→ What you should do: Copy each line that includes the string "with" from the material into your answer.

→ Source material:
- - - -
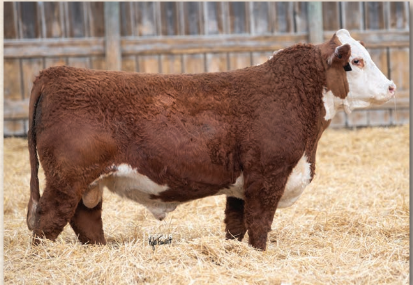
Lot 63 • ECR 173D ENDURE 0421
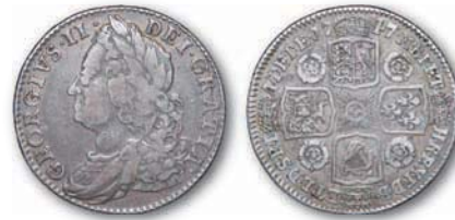
44 George II - 1747 - Roses Shilling. 5.93 grams. Dated 1747. Old bust, dies ↑↓. Obv: with GEORGIVS.II.DEI.GRATIA. legend. Rev: crowned cruciform shields with roses in angles, date 17-47 at English arms and .M.B.F.ET.H. REX.F.D.B.ET. L.D.S.R.I.A.T. ET.E. legend. S. 3702; ESC 1209. Very fine. £70 - £100
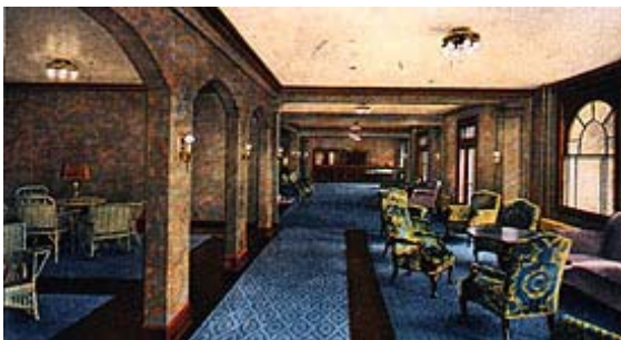
Sunroom and lobby looking north.

W. A. Kennedy purchased the Sanitarium in 1918 and renamed it Martinsville Mineral Springs. Between 1925 and 1927, Kennedy had the sanitarium completely rebuilt. The new, English Tudor style sanitarium extended from Harrison Street to Pike Street, housed 150 guests, and had an interior design that featured stained glass windows; floors covered with hardwood, ceramic tile and velvet carpets; a mahogany staircase; crystal light fixtures; and an immense sunroom.
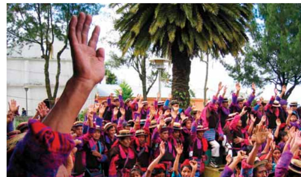
CEIBA/Friends of the Earth, Guatemala

In this booklet we highlight examples of environmental injustice – and describe what we're doing to tackle them. Read on and find out how we can work together for a fairer – and greener – future.
- - - -
→ Exercise answer:
44 George II - 1747 - Roses Shilling. 5.93 grams. Dated 1747. Old bust, dies ↑↓. Obv: with GEORGIVS.II.DEI.GRATIA. legend. Rev: crowned cruciform shields with roses in angles, date 17-47 at English arms and .M.B.F.ET.H. REX.F.D.B.ET. L.D.S.R.I.A.T. ET.E. legend. S. 3702; ESC 1209. Very fine. £70 - £100
W. A. Kennedy purchased the Sanitarium in 1918 and renamed it Martinsville Mineral Springs. Between 1925 and 1927, Kennedy had the sanitarium completely rebuilt. The new, English Tudor style sanitarium extended from Harrison Street to Pike Street, housed 150 guests, and had an interior design that featured stained glass windows; floors covered with hardwood, ceramic tile and velvet carpets; a mahogany staircase; crystal light fixtures; and an immense sunroom.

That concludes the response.